Azımsanamayacak kadar çok arı komar ağacını kaplamış polen ve bal taşıyor çıkardıkları ses beni uyandıracak boyutta imiş. Bulunmaz bir ortamdı. Biraz dinledikten sonra çadırımı toplayıp, toparlanmaya başladım. Hedefimde Sula boğazı ve seklemin düz vardı oradanda Özdile inecektim. Sırtçantamı yüklenip yola koyuldum. Sula boğazına yaklaşmıştım ki sis aniden bastırdı. Yön tayini yapmak zordu. Arsin Tarafına döndüğümü hatta köylerinin başına indiğimi anladığımda çok geç olmuş hava kararmaya başlamıştı. Eğer O Hafize nene ile karşılaşmasam Herhalde Arsine inmiştim. Bana yanlış geldiğimi dağa çıkıp Habuyana yürümemi süyledi(sola) Dağa çıktığımda artık seklemin düz tarafına gitmemem gerektiğini anladım ve rotayı Büyük düz Hap istikametine çevirdim.
Biraz sonra acıktığımı hissedip çay küflü peynir ve karabuğday ekmeği yedim. Sis hala devam ediyor yürüdüğüm patika yavaş yavaş yok oluyor yerini sıkı çalılıklara bırakıyordu. Artık bu işin sakası yok resmen bırak baltayı insan en az 20 yıldır girmemiş üstü büyük ağaçlarla altı çalılık ve şimşir ormanının içindeydim. Adım atacak kadar yer yok resmen kilitlenmiştim. Yapacak tek şey şimşirlerin üzerine çıkıp yuvarlanmak ve öylede yaptım .Delilik akılsızlık ve hatta intihar ötesi bir haraket olduğunu anladığımda ırmağın kenarında upuzun yatar vaziyette idim. Yuvarlandığım yer ürkütücüydü. Yola devam ettim. Yönüm belli ama tam olarak nerede olduğumu bilmiyordum.

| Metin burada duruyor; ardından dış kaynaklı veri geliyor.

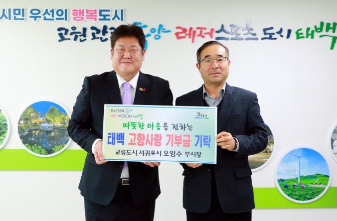 오임수 부시장은“서귀포시와 우호도시인 태백시를 고향처럼 생각하는 마음으로 기부를 결심하게 됐다”며“누구나 부담없는 금액으로 고향 사랑을 실천하고 답례품과 세금공제 혜택까지 누리는 고향사랑기부제 시행으로 건전한 기부 문화가 정착되기를 바란다”고 밝혔다.

Namlı Agirabun meşede olduğumu ve girilmemesi gereken kurtların yaşadığını öğrendiğimde Rahmetli Sebahattin dayımın çayını yudumluyor olacaktım. Önüme bir anda 1 dönüm kadar bir çayırlık ve mezire evi çıktı. Etrafı komple orman olan bir ev. Çok esrarengiz bir havası vardı. Ev varsa patikasıda vardır mantığıyla patika aramaya başladım evin üst kısmında patikayı buldum. Yaklaşık bir saat sonra büyükdüze vardım. Yaşlanmış hatta sakallanmış armut ağaçları eski evler yıkık ahırlar ilk görüşte antik bir kenti anımsatıyor. Çatısı yıkılmış ama şöminesi geçmişin izlerini yansıtıyordu. Yola devam ettim .Yaklaşık iki saat sonra Rahmetli Sebahatti dayimin yanına vardım .Bana seni köpek mi kovaladı. Ne oldu anlat ha deli diye serzenişte bulunup çay ikram etti.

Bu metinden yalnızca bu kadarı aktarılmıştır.